A quick scurry through the main points. Yes, mobile and video traffic will be the fastest-growing segments and Cisco believes that its ‘Internet of Everything’; is going to drive lots of IP traffic over the next five years.
In five years the average user will pull 25 gigabytes of internet traffic per month which, taken overall, will account for two trillion minutes of video content.
Startling statistic: the projected annual IP traffic for 2018 will be greater than all IP traffic that has been generated globally from 1984 – 2013 (1.3 zettabytes).
Yes, yes. It all sounds terribly over the top, (as it were), like the statistics which point out how much fresh water each of us uses in a month. I think it’s supposed to make one feel profligate, as if bandwidth were some precious physical resource being used up with not enough consideration for those providing it (your access provider) and steering it about (Cisco).

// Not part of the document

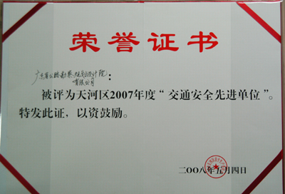 2007年,在公司領導的正確領導和全體員工的共同努力下,我司狠抓公務車行車安全工作,實現(xiàn)全年安全行車無事故,安全行車里程達140余萬公里,近日,被廣州市天河區(qū)安全生產(chǎn)委員會授予“2007年度交通安全先進單位”稱號,特此報喜。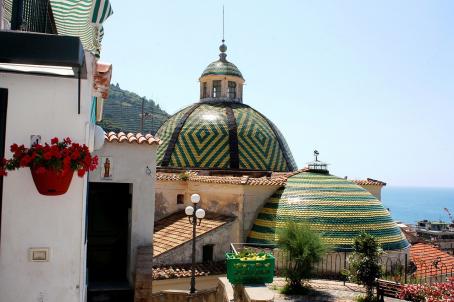 The church of San Pietro dates back to the end of the 10th century but its neoclassical structure is due to reconstruction in the 17th century. The bell tower, which sticks to the facade of the church, dates back to the 11th century. The church is typical of the Amalfi coast for its dome covered with coloured tiles.

What would be interesting to discover is how much ‘bandwidth’ is NOT used. How much of all our access capacity is NOT filled with traffic over a month. Now THAT really would be a big number.
On with the stats..
By 2018, the majority of traffic will originate from devices other than personal computers (PCs) for the first time. Wi-Fi traffic will exceed wired traffic for the first time, and high-definition (HD) video will generate more traffic than standard-definition video.
Wi-Fi and mobile-connected devices will generate 61 per cent of IP traffic by 2018. Wi-Fi will be 49 per cent, and cellular will be 12 per cent. Fixed traffic will be only 39 percent of total Internet traffic by 2018 - Wi-Fi was 41 per cent; cellular was 3 per cent; and fixed was 56 per cent in 2013.
Global broadband speeds are projected to grow fairly dramatically - the average will reach 42 Mbit/s by 2018, up from 16 Mbps at the end of 2013, claims Cisco, and online video will be the fastest-growing residential internet service with a CAGR of 10 per cent from 2013-2018, growing from 1.2 billion users to 1.9 billion users by 2018.